- Born: Seattle, Washington, U.S.
- Occupations: Writer; journalist;
- Spouse: Michelle Shocked (1992–2004)

= Bart Bull =

American journalist

Bart Bull is an American writer, reporter, author, columnist, and critic.

==Background==
Born in Seattle, Washington, Bull grew up in Phoenix, Arizona. He dropped out of high school to write a novel, and then returned briefly, leaving again without graduating.

Bull was the editor of Sounds, a free monthly Phoenix-based music newspaper, in the mid-1970s, West Coast Editor of Spin from 1985 to 1988, West Coast editor of Vogue, West Coast editor and a founder of Details. He co-founded Browbeat, first American xerox-punk fanzine, with David Wiley in early summer 1977. He managed The Consumers (1977), an obscure but increasingly acclaimed early American punk band from Phoenix, Arizona. He has written for publications including The Washington Post, Arizona Republic, The New York Times, Harper's Bazaar, The Village Voice, The Face, and GQ.

From the earliest days of his work, Bull chronicled subcultures, with pioneering reporting on skateboarding, cockfighting, lowriders, punk, cowboy and rodeo culture, hiphop, heavy metal and others. His reporting on what he called "mall culture," led to writing about architecture, urban life and design in North America, Europe and Australia, often including a critique of modern practices, urban development, and monoculture. One of the earliest writers on punk and hiphop, throughout his reporting career, he has covered issues that would typically be considered "metro desk" stories, while presenting them in a manner more typical of magazine feature writing. His crime reporting has explored bank robbery, drug-dealing, murders, rape, patricide, and politics, ranging from national political conventions to local machinations.
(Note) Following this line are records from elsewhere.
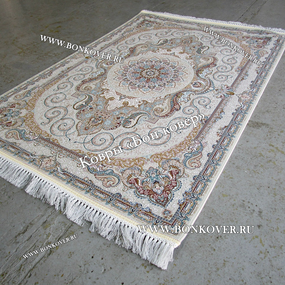 Долго выбирала, остановилась на данной модели. Ковер понравился, очень красивый праздничный, нежной расцветки сливочно кремовой. Ковёр средний плотности, к этому я была готова, т. к. вес ковра 9 кг, ковры аналогичных размеров более плотной набивки весят 12 кг. Слегка хамелионит, в дневное время цвет..
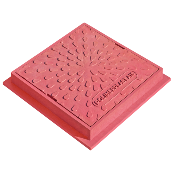 Prehliadkový poklop štvorcového tvaru červený sa používa v systémoch s bezšachtovou montážou, ako aj na inštaláciu na potrubie alebo šachtu s vonkajším priemerom 315 mm. Určený na inštaláciu v pešej a parkovej zóne.
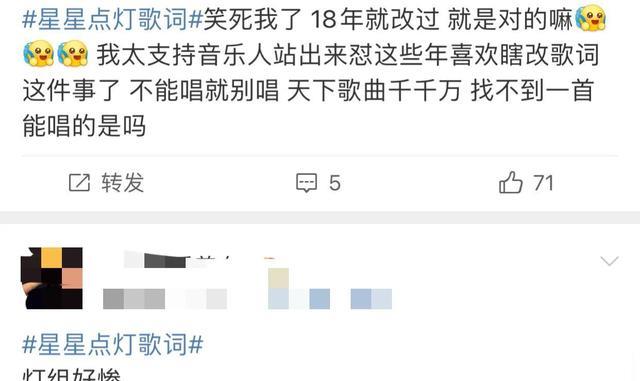 而不管是16年、18年還是22年問世的《星星點燈》,在歌詞上都對原曲進行了更改。如果原作者沒授予版權的話,確實也有合法維權的權利。

A list of the individuals Bull has profiled include Muddy Waters, John Lee Hooker, Al Green, Buck Owens, James Stewart, Walter Matthau, Ian Dury, David Lynch, Bruce Springsteen, Bill Graham, Tracey Ullman, Tobe Hooper, Buckminster Fuller, Tom Waits, William S. Burroughs, Sun Ra, Prince, Clifton Chenier, Ofra Haza, Steve Miller, Jackson Browne, John Fogerty, Steve Martin, President Gerald Ford, Elvis Costello, Richard Farnsworth, Dwight Yoakam, Joe Ely, Joan Baez, Peter Tosh, Laura Dern, Jeff Beck, Frank Zappa, Michael Jackson, Ed "Big Daddy" Roth, Allen Ginsberg, Amiri Baraka, former Arizona Governor Evan Mecham, Carlos Santana, and Patti Smith. He edited and introduced Clarence "Gatemouth" Brown's memoir, All About Me, working to preserve the visionary musician's self-created spellings and syntax.